But I’ve become so unmotivated I’m not sure how to start or what to cover.
This blogging every day is not easy, and I’m not even a very good blogger to begin with. It’s tough – I’m more of an opportunistic writer – generally something really has to strike me for me to write about it. Something the kids do, something in politics, a tv show…something has to motivate me enough to pull decent thoughts together on it.
My grandfather used to tell me I should be a writer, because when the mood strikes, I’m not half bad. But I could never write out of obligation; as my means of self-sufficiency. I’d starve for sure. I’d have to write the “Great American Novel” and hope for an amazing royalty and merchandising package, otherwise I’d be screwed.

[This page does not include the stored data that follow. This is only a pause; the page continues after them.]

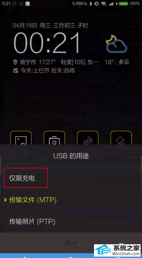 2:点击通知栏正在通过UsB传输文件,然后选择仅充电,接着再选着传输文件。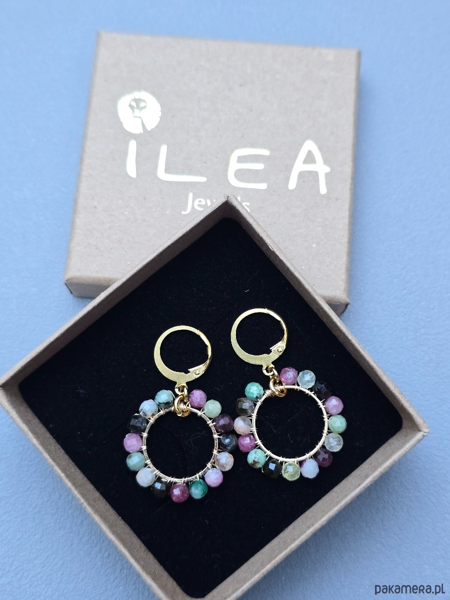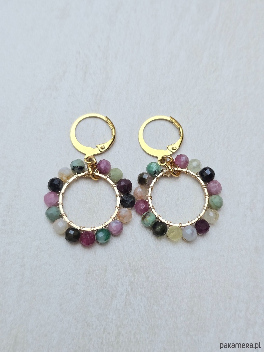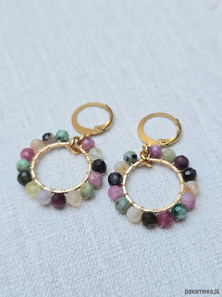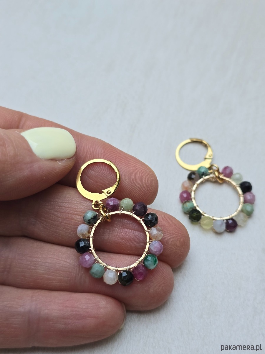 Wyjątkowe, plecione kolczyki. Wykonane z fasetowanych kolorowych turmalinów ok 3,5 mm.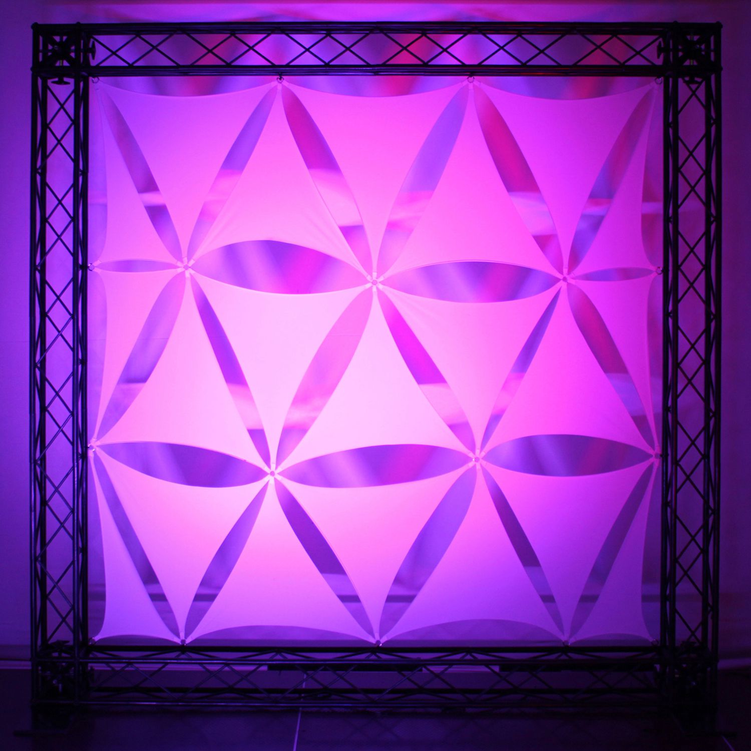 Introducing a new addition to Odyssey's extraordinary line of Scrim Werks™ products. Take your DJ services to the next level a step up above your competition with Odyssey's Decor Panels™. Create an attractive and innovative Decor Panel™ display for your DJ booth background. It's a brilliant way of differentiating yourself from the crowds of DJs out there and getting those high end gigs with high returns. Use them for decorative, lighting, and projection applications for banquets, photo booth and stage backdrops. With various available shapes and sizes your possibilities are endless. For a complete effect we recommend that panels are used in conjunction with LED lighting or gobo projection lighting. Decor Panels are available for purchase in bundled packages of complete wall pattern displays ideal for use with our optional Nexus Truss Decor Panel™ Frames.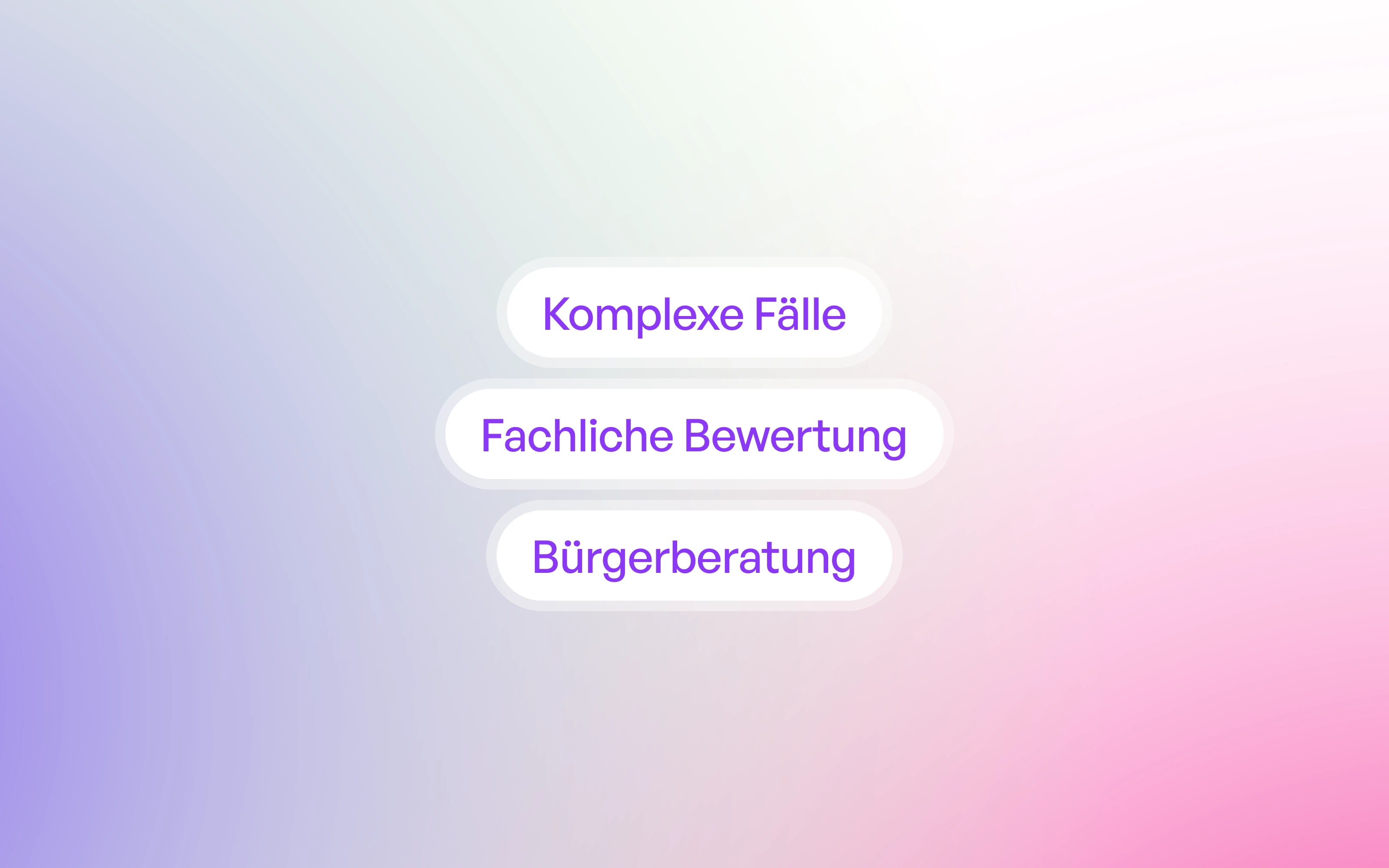 Routine- und Fachaufgaben werden strukturiert unterstützt oder automatisiert. Dadurch gewinnen Mitarbeitende mehr Zeit für komplexe Fälle, fundierte Bewertungen und die persönliche Beratung von Bürgerinnen und Bürgern.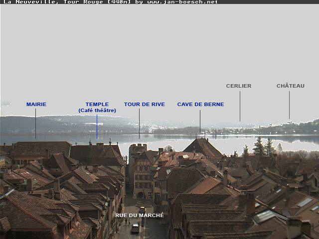 Il s'agit d'une caméra professionnelle extérieure entièrement autonome (sauf alimentation électrique), raccordée à mon réseau privé. L'appareil transmet des photos de La Neuveville toutes les 5 minutes et les publie directement sur mon site web. Une autre image est également archivée toutes les 2 minutes sur le site web, permettant ainsi de créer une séquence animée ("stop motion" ; environ 200 MB d'images pour une année).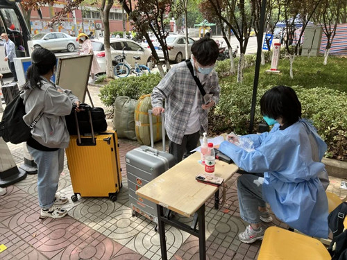 5月7日,91自拍 117名南京市外考生安全返回校园。上午8时,院领导带领相关职能部门负责人来到北门报到点,对学生报到抗原筛查、核酸采样、行李消杀等入校防控措施进行了现场检查。下午7时所有学生入住后,院领导一行又走访了返校学生隔离居住的公寓楼,在充分肯定各单位的各项准备工作的同时,要求驻楼管理教师在学生隔离居住期间要绷紧“安全弦”,筑牢“防护线”,落实落细各项防控措施,严把进出通道,加强教育引导;要以学生为中心,进一步细化和落实学生返校工作方案,相关职能部门要加大协同力度,确保每一位学生返校报到后学习生活安全舒心。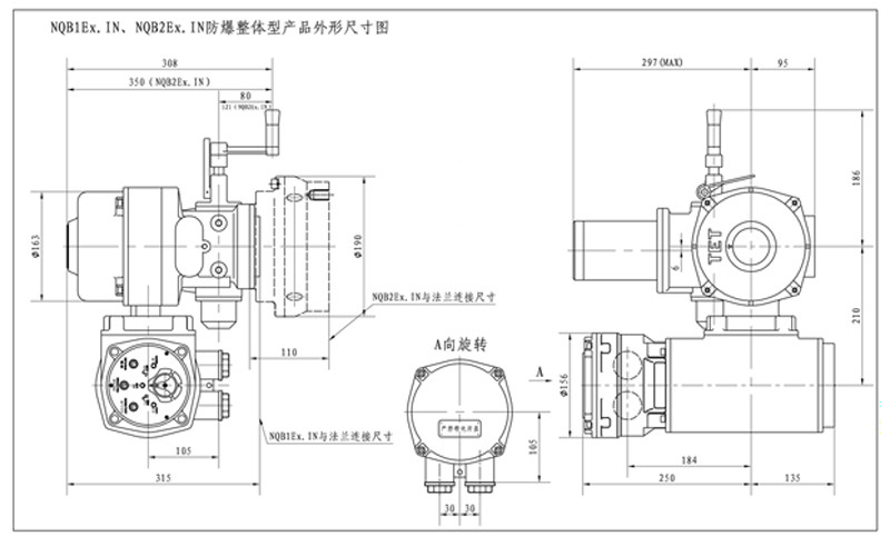 NQB1 NQB2 電動裝置在繼承QB1QB2 優點的同時又增設了產品的使用功能,并且改進了控制機構。通過改型設計的 NQB1NQB2 電動裝置不僅提高了整體性能并且更實用、可靠。 NQB1 NQB2 電動裝置的定位仍為經濟型,它適用于小口徑球閥、蝶閥、旋塞閥等閥瓣工作中90°回轉閥門和類似機構的控制。該產品與閥門組合后可廣泛地應用于石油、化工、電力、市政、冶金、食品、輕工等工業領域的管道控制系統。

I just feel right now like I’m in limbo. Job limbo. I did get my test results today, and I did even better than I believed. Getting an interview meant passing – which is 70%. Well, passing is 70%, but they only pull in the top three rankings for an interview, and that’s dependent on how everyone else does. I managed to hit that top three. Supposedly there are 40 positions, and 31 of us fell into the top 3 rankings. But I don’t know what that means. Does it mean all of us, if we have half a brain in the interview, get a job?
Waiting is not my strong suit.
I had a post brewing in my head on my way home about having another baby, and our plans on that front (nothing right away), but I’m home, I’m tired, and I don’t feel particularly good (another post entirely), and I just seem to be tapped out.
So, one more day of NaBloPoMo and I’ll probably be out of commission for at least a few days. I’m tired.